Instructions to follow: What you should end up with is an exact copy of the lines from the one holding "Ơi Vay còn là" through the last line of the entries below, both included, and nothing else; leave every picture out.
....
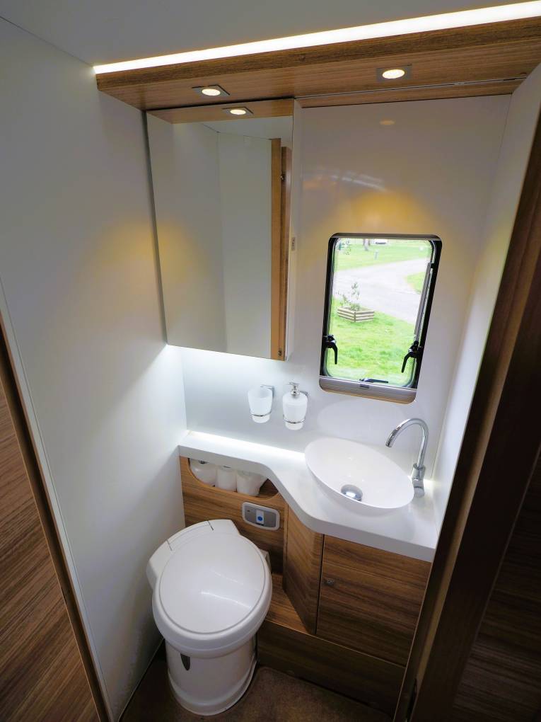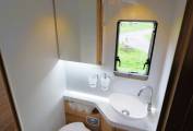 The washroom is also on both sides of the van, with the toilet and vanity style sink with further storage cupboards and large bathroom style cabinet and mirror, it is very modern and bright. The separate shower is across from this and when the toilet door is open, gives you privacy away from the rest of the van with space in the bedroom to change.
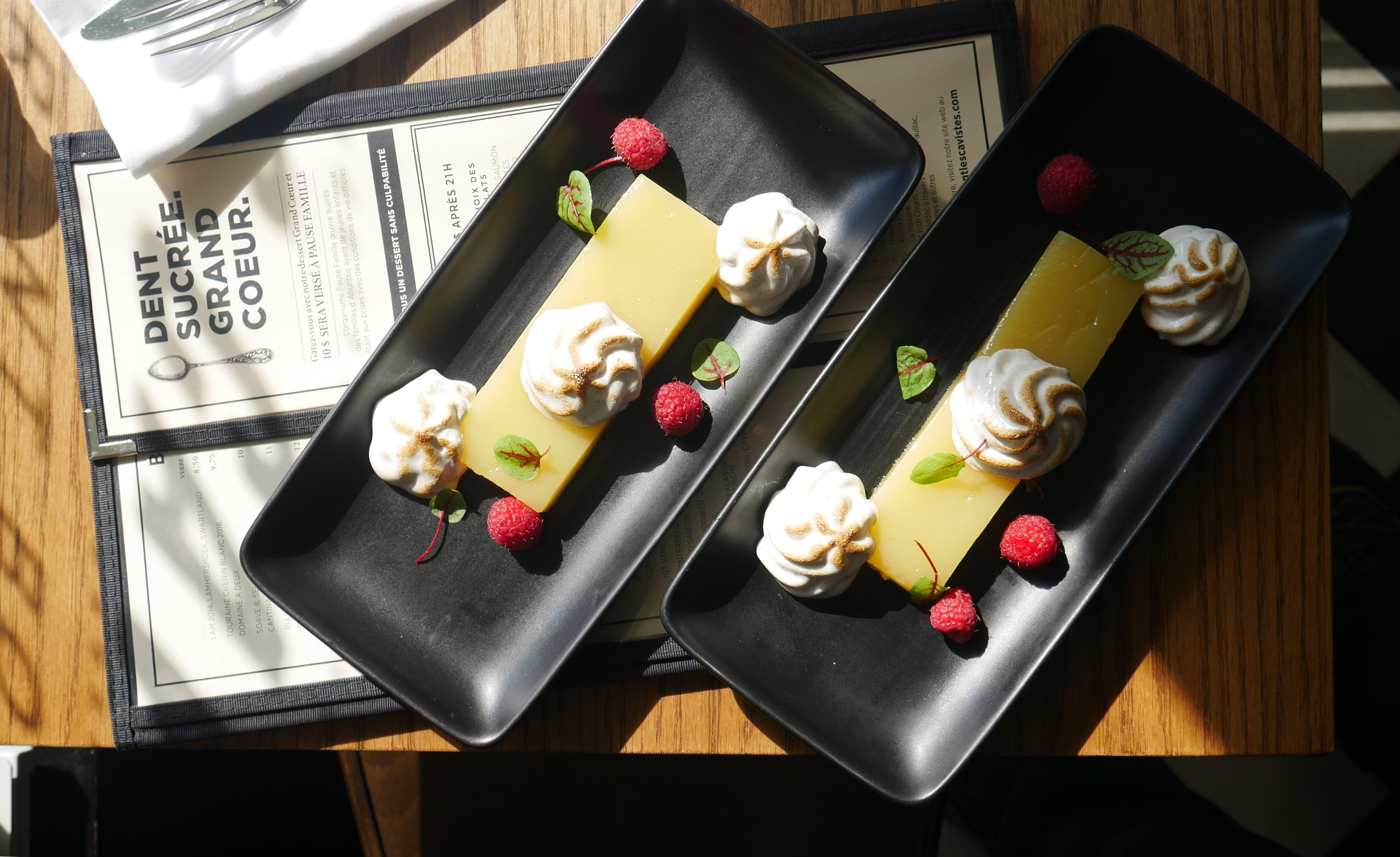 Dessert grand cœur au restaurant Les Cavistes, 196 Rue Fleury Ouest. Crème de citron avec meringues au poivre rose et framboises, décorée de feuille d’oseille sanguine. 13$ dont 10$ reversés à Pause Famille.
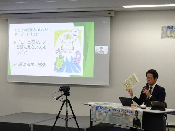2024年9月7日(土)、憲法カフェ「教えて!なかこう先生」~私たちの「あたりまえ」は憲法がつくったということ~」を開催しました。オンライン32名、会場7名参加。
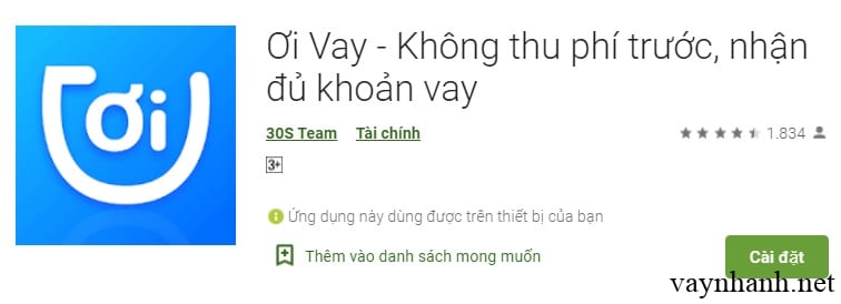 Ơi Vay còn là app vay tiền online nhận được tin tưởng người dùng, lượt tải trên kho ứng dụng google play đến trên 3000 người.
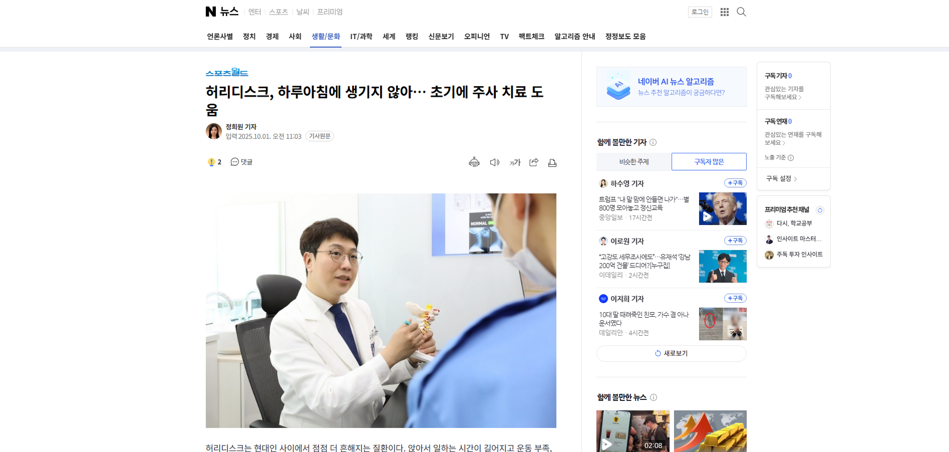 한편, 허리디스크 예방과 관리를 위해서는 올바른 생활습관이 필수다. 구부정한 자세나 장시간 앉아 있는 습관은 허리에 부담을 준다. 무거운 물건을 들 때는 허리보다 무릎을 굽혀 다리 힘을 쓰는 것이 허리 건강에 좋다. 꾸준한 허리 근육 강화 운동 역시 중요하다. 신전 운동이나 복근 운동을 통해 허리 주변 근육을 튼튼하게 하면 디스크에 가해지는 부담을 줄일 수 있다. 다만 급성 통증이 있을 때는 무리한 운동을 피하고, 증상이 가라앉은 후 서서히 운동을 시작하는 것이 바람직하다.
....
Result of the exercise:
 Ơi Vay còn là app vay tiền online nhận được tin tưởng người dùng, lượt tải trên kho ứng dụng google play đến trên 3000 người.
 한편, 허리디스크 예방과 관리를 위해서는 올바른 생활습관이 필수다. 구부정한 자세나 장시간 앉아 있는 습관은 허리에 부담을 준다. 무거운 물건을 들 때는 허리보다 무릎을 굽혀 다리 힘을 쓰는 것이 허리 건강에 좋다. 꾸준한 허리 근육 강화 운동 역시 중요하다. 신전 운동이나 복근 운동을 통해 허리 주변 근육을 튼튼하게 하면 디스크에 가해지는 부담을 줄일 수 있다. 다만 급성 통증이 있을 때는 무리한 운동을 피하고, 증상이 가라앉은 후 서서히 운동을 시작하는 것이 바람직하다.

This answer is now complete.